I picked up a few daguerreotypes in reasonable condition and at a decent price ($20-$25 each) at an antique store the other day. Both cases had broken hinge, but were otherwise complete.

The old man has some coloring added to his cheeks – something I have seen before, especially with later tintypes – but the pink and purple coloring on the little girl’s necklace was something I’ve never seen. The pink velvet on the case also compliments the color added to the photograph.

I’ve discovered that it is incredibly difficult to take a cell-phone photograph of a glass image, because I can’t avoid getting a reflection of my phone in the picture.

There is a clear trend over time in how photographs were presented. In the 1840s and 1850s, when photography was new, images were expensive, but so was the presentation: a case of wood and leather, a golden tin frame a piece of black silk behind the glass. Then, tintypes in the 1870s got rid of the display case. On the one hand, cases were no longer needed, since an image on tin needed less protection than an image on glass. But also, the photograph was gradually losing its formality. Tintypes still had a frame around the image, but it was made of paper instead of metal. By the turn of the century, photograph were on paper, and started to have no frame at all.

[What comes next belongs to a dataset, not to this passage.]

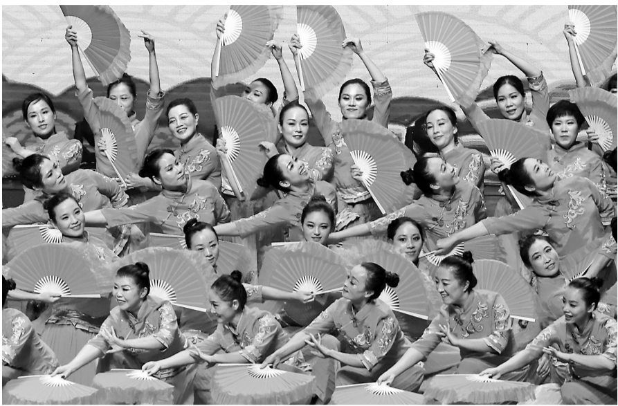
广场舞决赛现场。

本报讯(记者 俞素梅) 作为2018“一人一艺杯”宁波市首届舞王大赛的系列赛事之一,宁波市广场舞展演活动(决赛)昨晚在文化广场大剧院举行,海曙区洞桥镇舞蹈队和慈溪市文化馆舞蹈队从30支参赛队伍中脱颖而出,夺得了本次决赛的前两名,他们也直接进入了宁波市首届舞王大赛半决赛,将争夺首届宁波舞王“十强”头衔。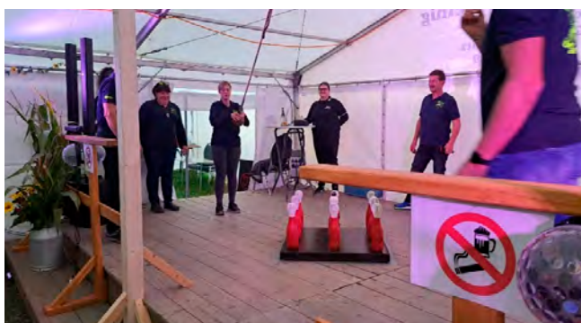
Unsere Damenmannschaft beim Galgenkegeln

A parallel can be found in the transformation of television sets in the 20th century.  You might remember the old t.v.’s that were as much a piece of furniture as they were a screen: a nicely finished wooden box that could handle a good thwaack! on the top (to reset its brains, of course). Gradually, the size of the box decreased, wood was replaced by metal.  By the 1990s, televisions became flatscreens, not boxes. With projectors, (my analogy’s equivalent of digital photographs) television screens could disappear entirely.

Unlike some paper photographs, these dauguerreotypes probably come with no names scribbled on the back. (perhaps there is a name on the back, but I don’t want to open crack open the frame and ruin the image or the mystery.